▼

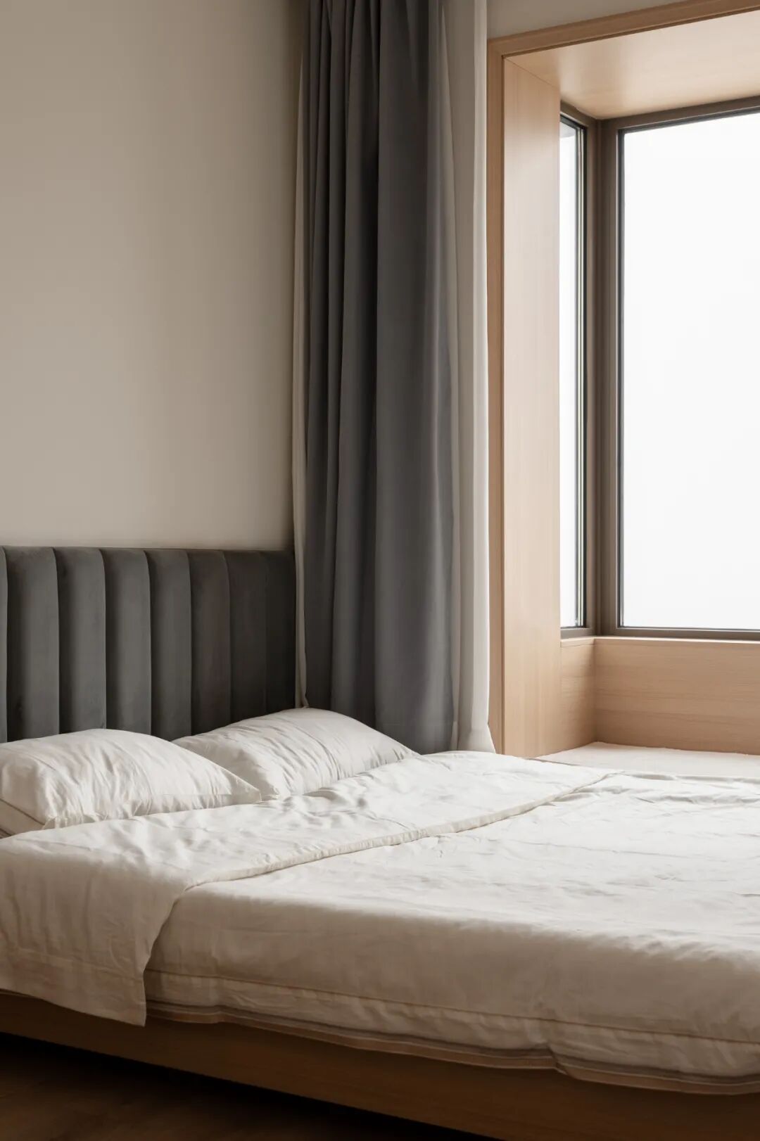The master bedroom abandoned the traditional layout, using the design of the platform, The walk-in dressing room meets the owner's daily storage and grooming needs. The master bedroom space is more open and simple.
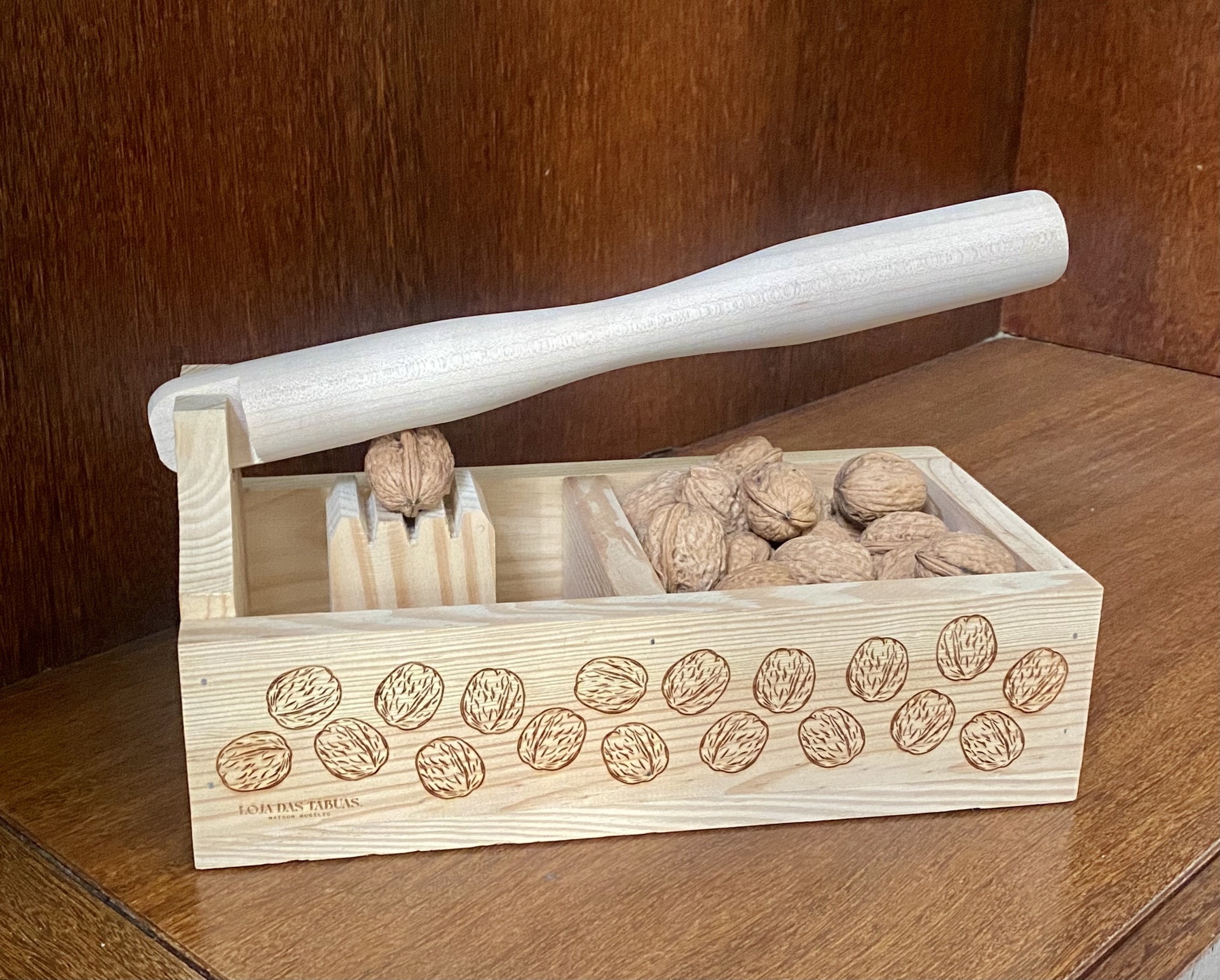 • Descascador de nozes em madeira clara com ilustrações de nozes na lateral
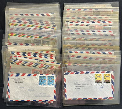Group of About 100 Interesting Bolivian Covers, 1939-1963, consisting of mostly airmail, but also domestic and registered usages with many having business corner cards. Most have high rate frankings and all covers are sleeved and very fine. Our pictures show an overview as well as some examples. (Image)
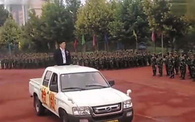 近日,河北科技学院董事长周虎振乘皮卡车“检阅”新生军训的视频在网上热传,此事由该校相关部门确认后,引发网友热议。有网友称,“检阅”新生神似阅兵,周虎振董事长过于高调并有“官瘾”,也有网友称,校领导“检阅”新生军训很普遍,只是乘坐皮卡车“检阅”的情况“比较奇葩”。
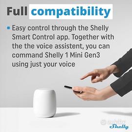 Shelly 1 Mini Gen 3 è un relè smart switch Wi-Fi e Bluetooth, 1 canale 8 A, dotato di un nuovo processore e di più memoria flash – ESP Shelly e di una maggiore durabilità dei terminali, viene utilizzato anche come extender di portata Wi-Fi, contatti secchi, supporta fino a 8 A a 240 V AC e 5 A a 30 V DC. Automatizza le tue luci, i cancelli del garage, i sistemi di irrigazione o altri piccoli dispositivi elettronici in meno di 10 minuti e controllali da qualsiasi luogo CONTROLLA LA TUA PORTA DEL GARAGE – Il design compatto del Shelly Plus 1 Mini consente un posizionamento flessibile, permettendoti di installarlo direttamente nell'alloggiamento dell'apriporta del garage o persino vicino al motore. La sua capacità di carico di 8 A garantisce un controllo affidabile del cancello del garage, permettendoti di azionare comodamente il tuo cancello del garage da remoto, senza la necessità di ingombranti moduli esterni. AUTOMATIZZA IL TUO SISTEMA DI IRRIGAZIONE IN BASE AL METEO – Il Shelly Plus 1 Mini, grazie alle sue dimensioni ridotte, può essere installato vicino al pannello di controllo del sistema di irrigazione o in un involucro impermeabile, offrendo così protezione dagli agenti atmosferici.
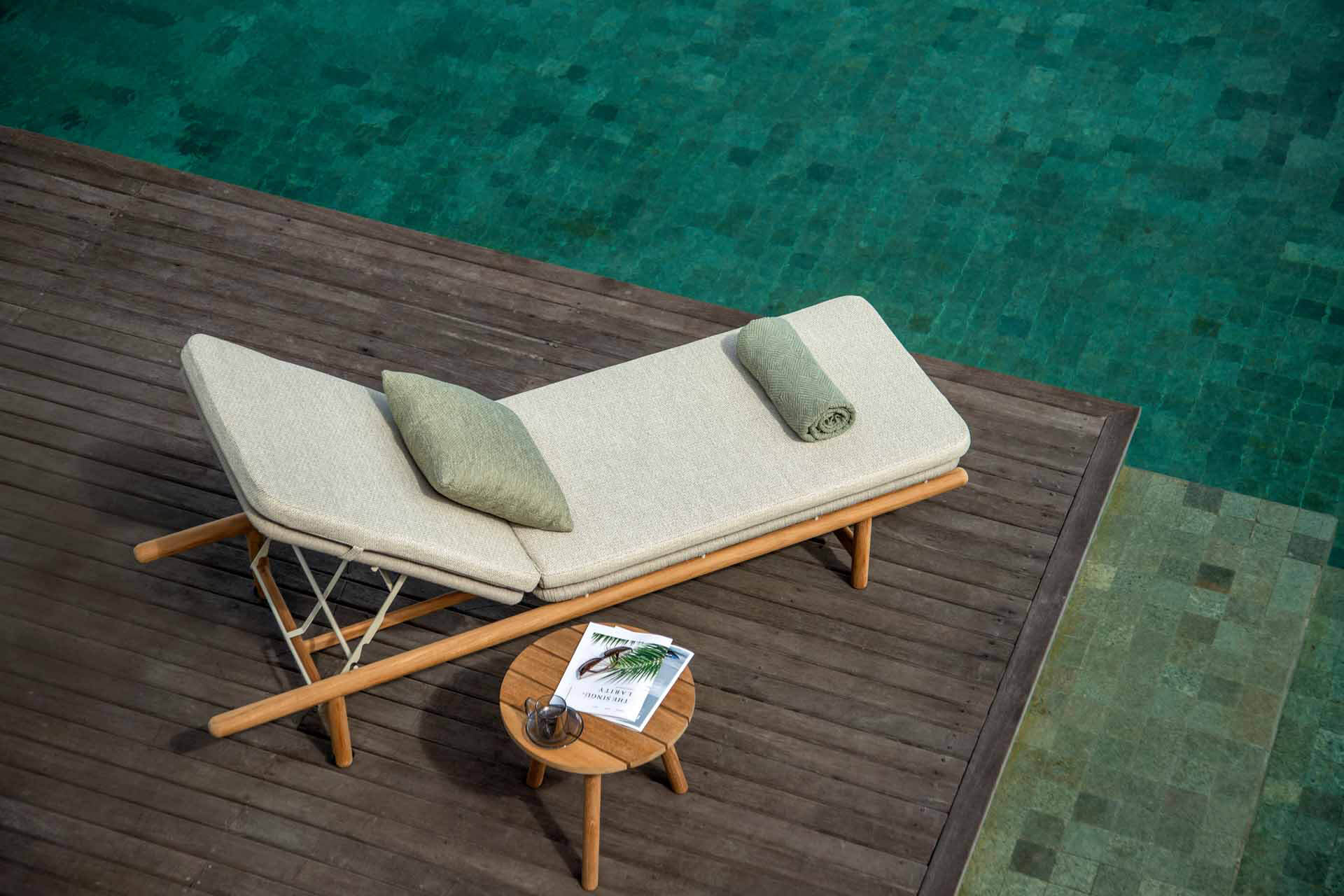 Die Benoa Sonnenliege mit Rollen von Jati&Kebon vereint natürlichen Charme mit modernem Komfort. Sie ist die perfekte Ergänzung für Ihre Außenbereiche.
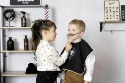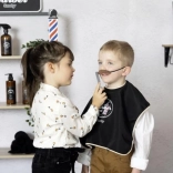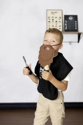 Holičská sada Moja prvá brada je perfektná pre malé nadšencov, ktorí chcú objaviť umenie holičstva! Vďaka plsteným bradám so systémom suchého zipsu môžete vytvárať mnoho rôznych kombinácií tvarov a dĺžok. Deti sa môžu baviť počas rolového hrania a napodobňovania skutočného holičského prostredia.
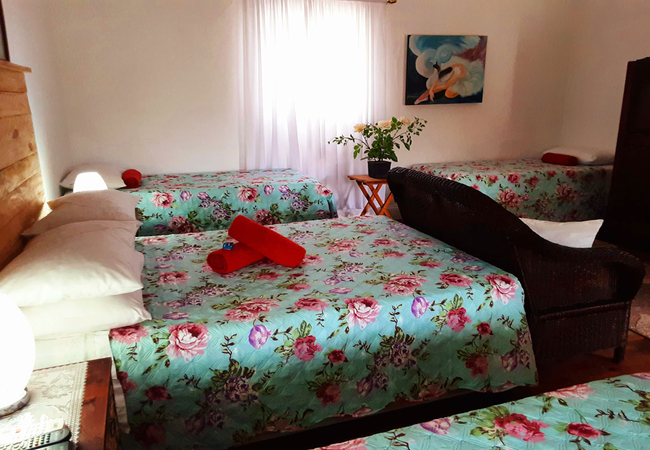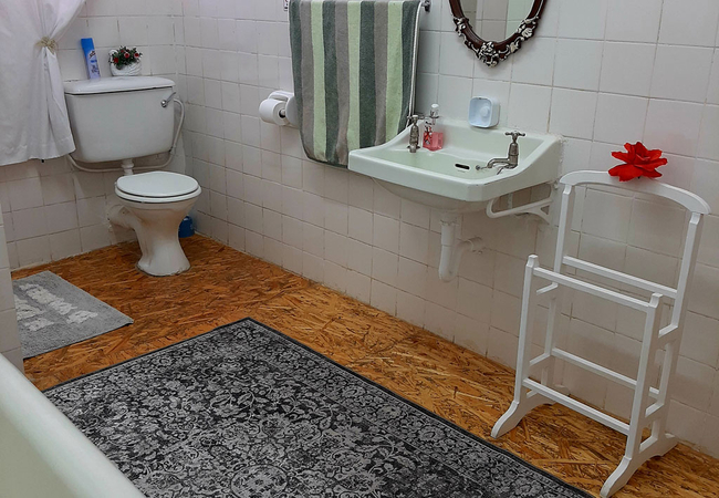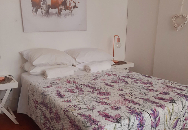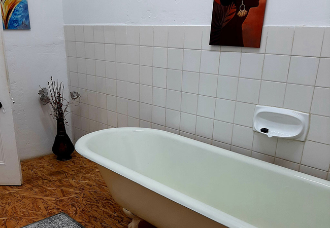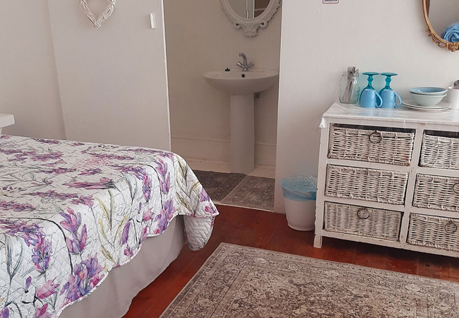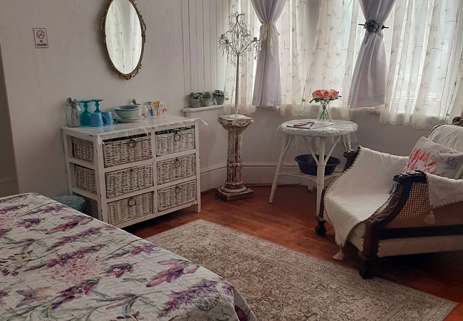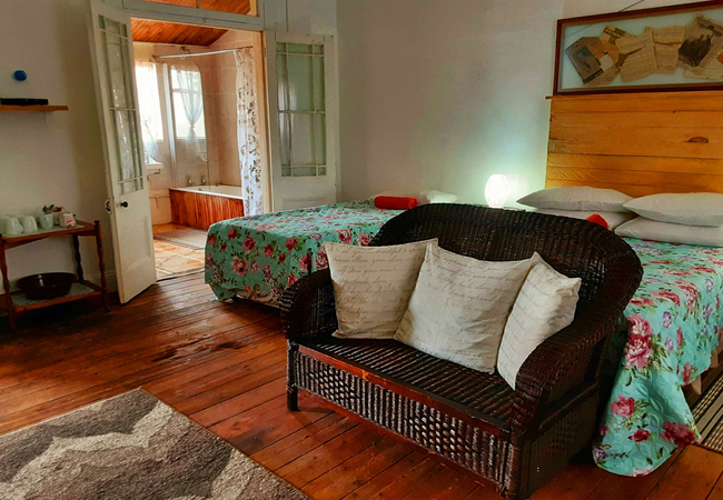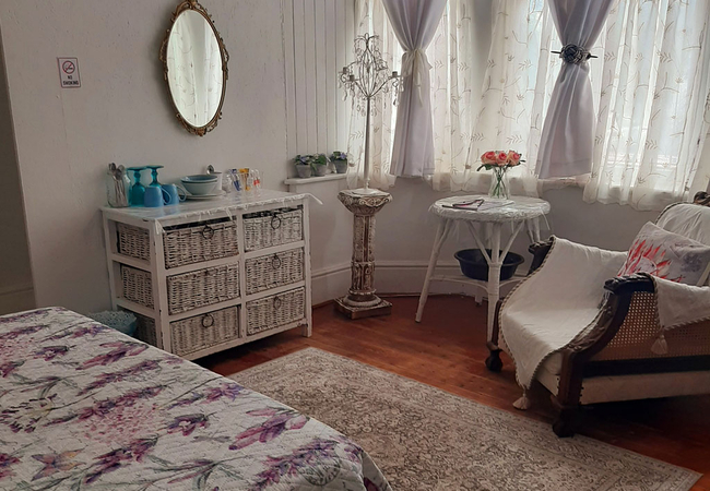 White Room is furnished with two single beds and makes use of a separate shared bathroom down the hall that is fitted with a shower, bath, toilet and basin. The room is equipped with a tv, microwave, fridge, cutlery, crockery and coffees, teas, milk and sugar. Towels are included and a working space.

▲

REQUIRED WORK:
Retype every entry exactly as written, but omit the pictures.

YOUR RESPONSE:
The master bedroom abandoned the traditional layout, using the design of the platform, The walk-in dressing room meets the owner's daily storage and grooming needs. The master bedroom space is more open and simple.
 • Descascador de nozes em madeira clara com ilustrações de nozes na lateral
Group of About 100 Interesting Bolivian Covers, 1939-1963, consisting of mostly airmail, but also domestic and registered usages with many having business corner cards. Most have high rate frankings and all covers are sleeved and very fine. Our pictures show an overview as well as some examples. (Image)
 近日,河北科技学院董事长周虎振乘皮卡车“检阅”新生军训的视频在网上热传,此事由该校相关部门确认后,引发网友热议。有网友称,“检阅”新生神似阅兵,周虎振董事长过于高调并有“官瘾”,也有网友称,校领导“检阅”新生军训很普遍,只是乘坐皮卡车“检阅”的情况“比较奇葩”。
 Shelly 1 Mini Gen 3 è un relè smart switch Wi-Fi e Bluetooth, 1 canale 8 A, dotato di un nuovo processore e di più memoria flash – ESP Shelly e di una maggiore durabilità dei terminali, viene utilizzato anche come extender di portata Wi-Fi, contatti secchi, supporta fino a 8 A a 240 V AC e 5 A a 30 V DC. Automatizza le tue luci, i cancelli del garage, i sistemi di irrigazione o altri piccoli dispositivi elettronici in meno di 10 minuti e controllali da qualsiasi luogo CONTROLLA LA TUA PORTA DEL GARAGE – Il design compatto del Shelly Plus 1 Mini consente un posizionamento flessibile, permettendoti di installarlo direttamente nell'alloggiamento dell'apriporta del garage o persino vicino al motore. La sua capacità di carico di 8 A garantisce un controllo affidabile del cancello del garage, permettendoti di azionare comodamente il tuo cancello del garage da remoto, senza la necessità di ingombranti moduli esterni. AUTOMATIZZA IL TUO SISTEMA DI IRRIGAZIONE IN BASE AL METEO – Il Shelly Plus 1 Mini, grazie alle sue dimensioni ridotte, può essere installato vicino al pannello di controllo del sistema di irrigazione o in un involucro impermeabile, offrendo così protezione dagli agenti atmosferici.
 Die Benoa Sonnenliege mit Rollen von Jati&Kebon vereint natürlichen Charme mit modernem Komfort. Sie ist die perfekte Ergänzung für Ihre Außenbereiche.
 Holičská sada Moja prvá brada je perfektná pre malé nadšencov, ktorí chcú objaviť umenie holičstva! Vďaka plsteným bradám so systémom suchého zipsu môžete vytvárať mnoho rôznych kombinácií tvarov a dĺžok. Deti sa môžu baviť počas rolového hrania a napodobňovania skutočného holičského prostredia.
 White Room is furnished with two single beds and makes use of a separate shared bathroom down the hall that is fitted with a shower, bath, toilet and basin. The room is equipped with a tv, microwave, fridge, cutlery, crockery and coffees, teas, milk and sugar. Towels are included and a working space.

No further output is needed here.